:: Your objective ::
Excluding pictures, transcribe precisely the lines from the one containing "227 61/100 cm = 89 155/254 inches" to the final line of the listing below, inclusive, and nothing more.

:: Data provided ::
##############################
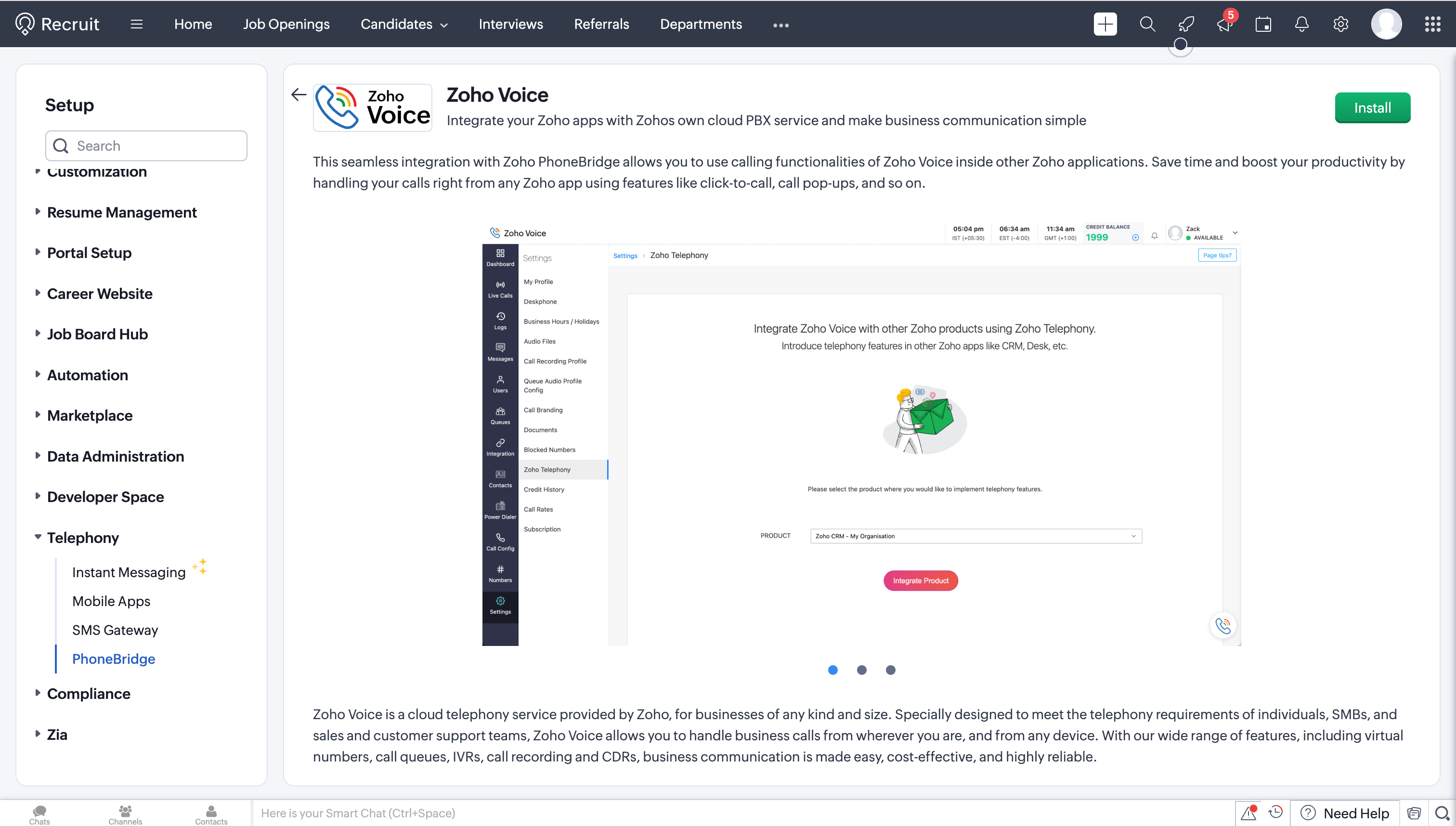 Click Install for Zoho Voice.
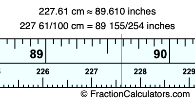 227 61/100 cm = 89 155/254 inches
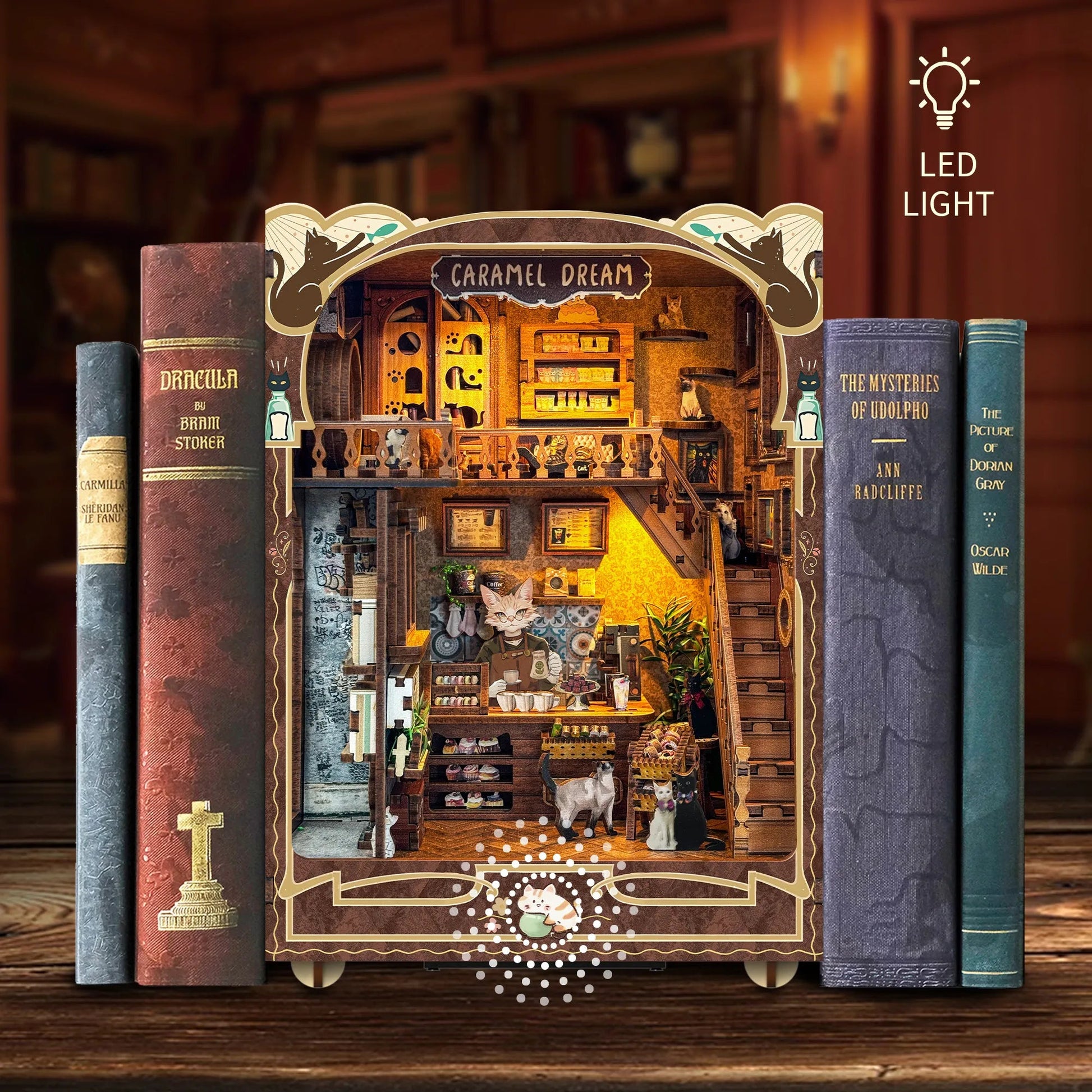 Step into the Caramel Dreams DIY Book Nook Kit a retro cat café brimming with charm. Perfect for cat lovers and DIY fans this miniature blends warm lighting antique vibes and furry friends to create a whimsical bookshelf retreat.
##############################
:: Response for this exercise ::
 227 61/100 cm = 89 155/254 inches
 Step into the Caramel Dreams DIY Book Nook Kit a retro cat café brimming with charm. Perfect for cat lovers and DIY fans this miniature blends warm lighting antique vibes and furry friends to create a whimsical bookshelf retreat.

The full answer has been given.